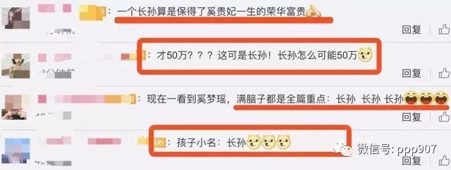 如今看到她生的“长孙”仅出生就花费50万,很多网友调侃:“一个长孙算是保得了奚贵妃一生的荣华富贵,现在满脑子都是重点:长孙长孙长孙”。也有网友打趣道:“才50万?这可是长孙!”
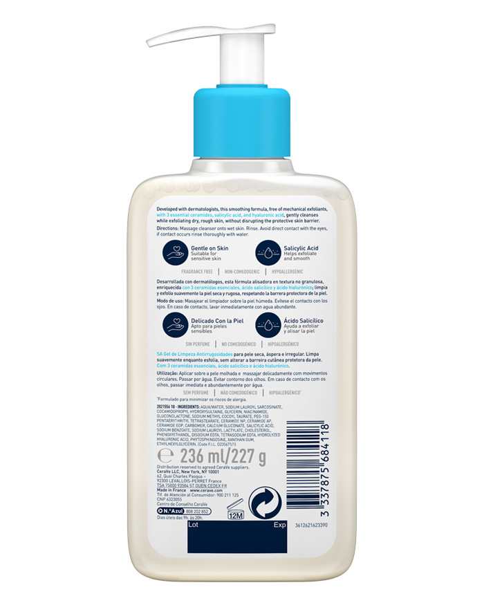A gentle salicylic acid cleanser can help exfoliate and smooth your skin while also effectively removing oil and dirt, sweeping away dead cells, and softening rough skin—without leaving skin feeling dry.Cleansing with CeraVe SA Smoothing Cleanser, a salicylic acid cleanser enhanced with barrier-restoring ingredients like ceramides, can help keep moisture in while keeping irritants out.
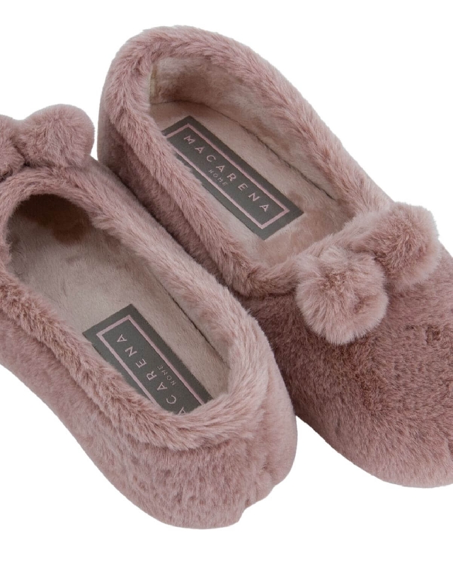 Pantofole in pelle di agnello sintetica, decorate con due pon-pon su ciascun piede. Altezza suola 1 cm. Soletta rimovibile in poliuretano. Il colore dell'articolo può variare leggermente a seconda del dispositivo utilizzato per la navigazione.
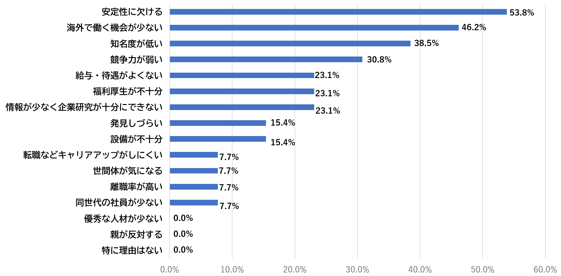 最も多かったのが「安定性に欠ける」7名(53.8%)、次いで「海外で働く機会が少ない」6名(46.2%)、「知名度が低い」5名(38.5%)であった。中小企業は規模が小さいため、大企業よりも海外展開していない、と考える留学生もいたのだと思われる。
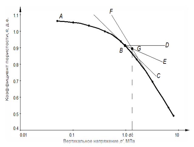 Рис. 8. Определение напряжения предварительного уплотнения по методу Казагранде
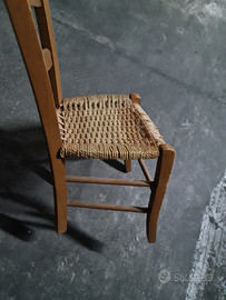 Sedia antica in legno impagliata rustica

...

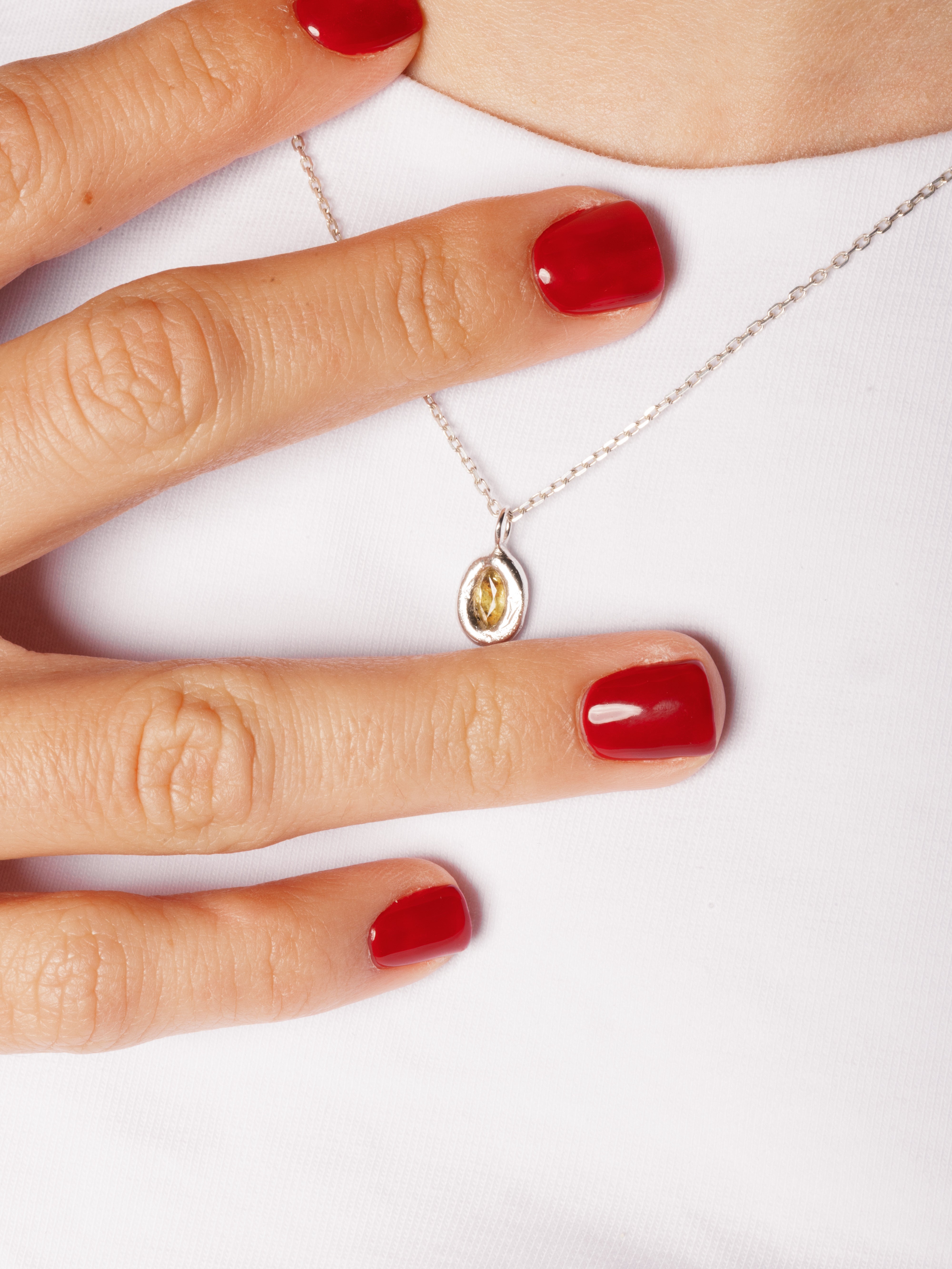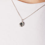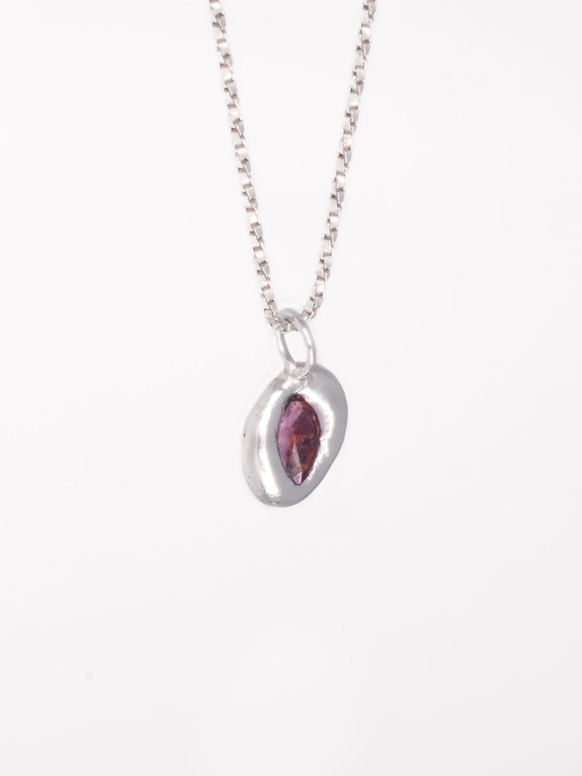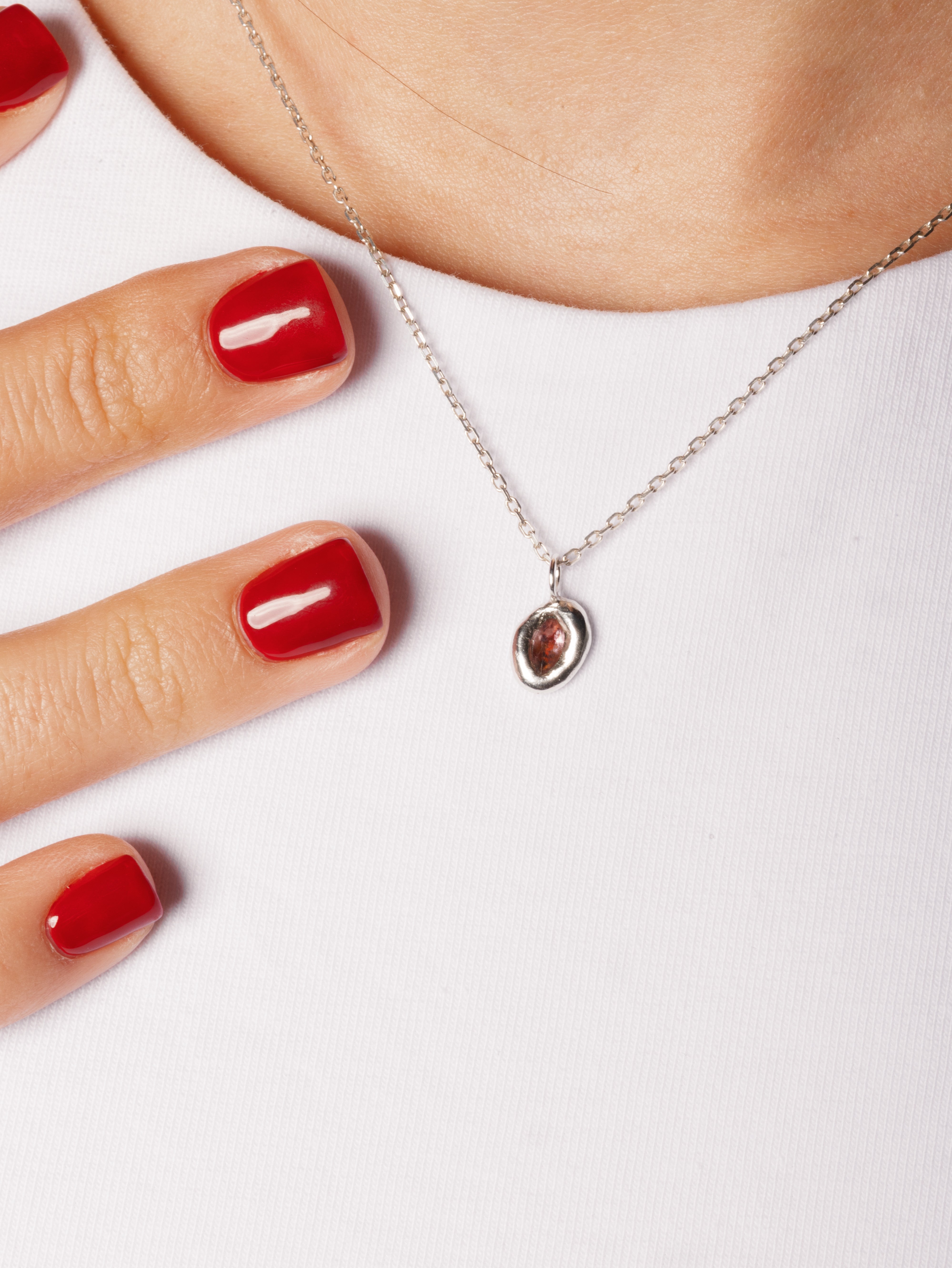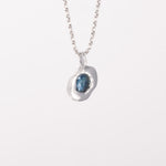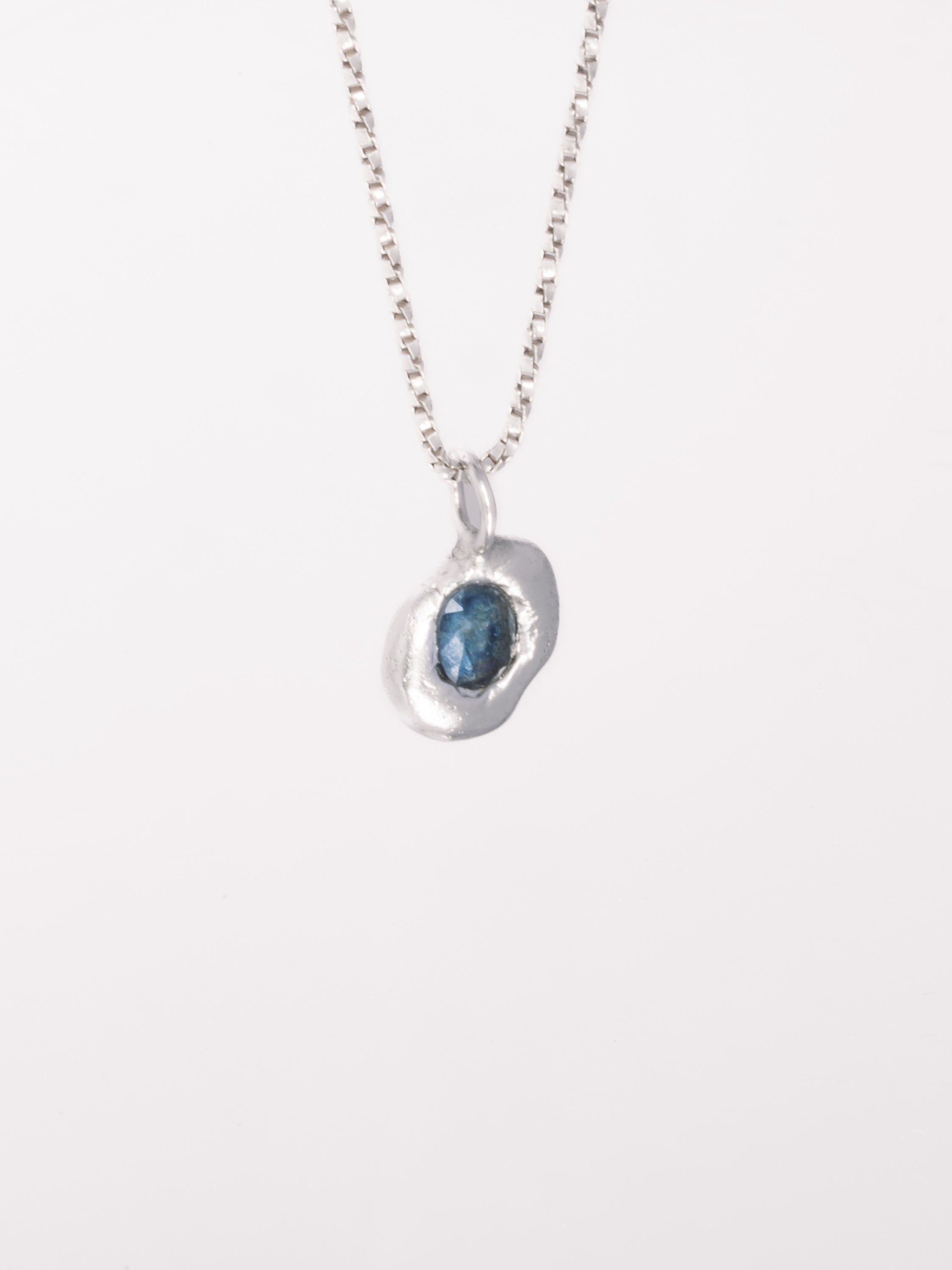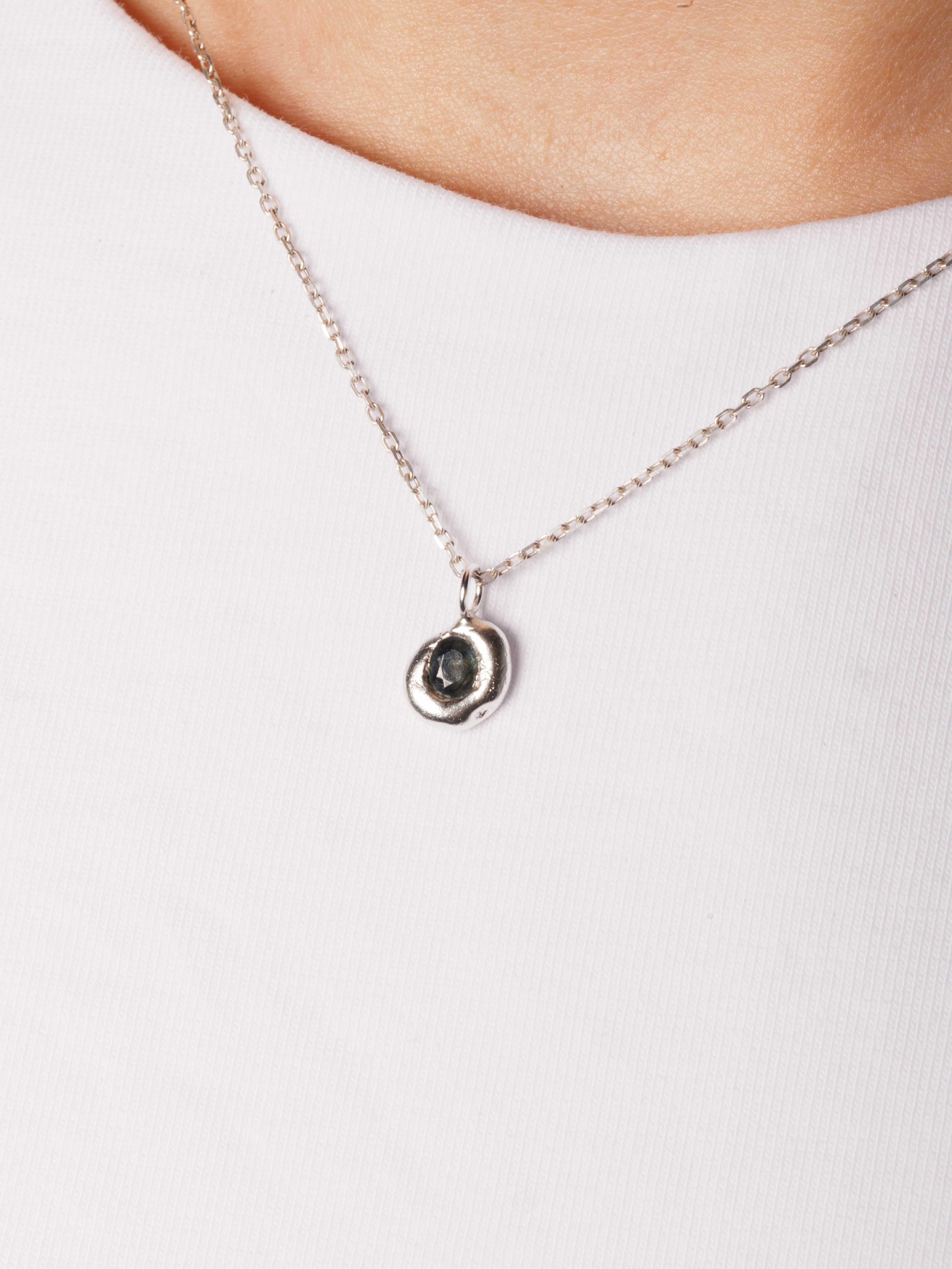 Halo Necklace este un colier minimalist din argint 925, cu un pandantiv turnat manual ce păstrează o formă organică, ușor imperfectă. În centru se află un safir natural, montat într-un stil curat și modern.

...

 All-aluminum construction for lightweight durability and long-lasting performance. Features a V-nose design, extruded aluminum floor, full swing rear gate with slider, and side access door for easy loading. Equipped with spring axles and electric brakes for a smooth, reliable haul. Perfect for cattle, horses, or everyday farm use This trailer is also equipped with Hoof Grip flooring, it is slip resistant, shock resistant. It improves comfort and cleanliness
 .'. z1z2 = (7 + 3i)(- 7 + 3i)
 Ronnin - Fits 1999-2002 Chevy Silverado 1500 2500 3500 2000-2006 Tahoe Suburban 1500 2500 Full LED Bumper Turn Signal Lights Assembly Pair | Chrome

- **ACTIVITY**: In the listing above, find the line with "3i)(- 7 + 3i)" and the line with "Ronnin - Fits", then print exactly those lines and every line between them.

- **RESPONSE TO THE EXERCISE**:
 .'. z1z2 = (7 + 3i)(- 7 + 3i)
 Ronnin - Fits 1999-2002 Chevy Silverado 1500 2500 3500 2000-2006 Tahoe Suburban 1500 2500 Full LED Bumper Turn Signal Lights Assembly Pair | Chrome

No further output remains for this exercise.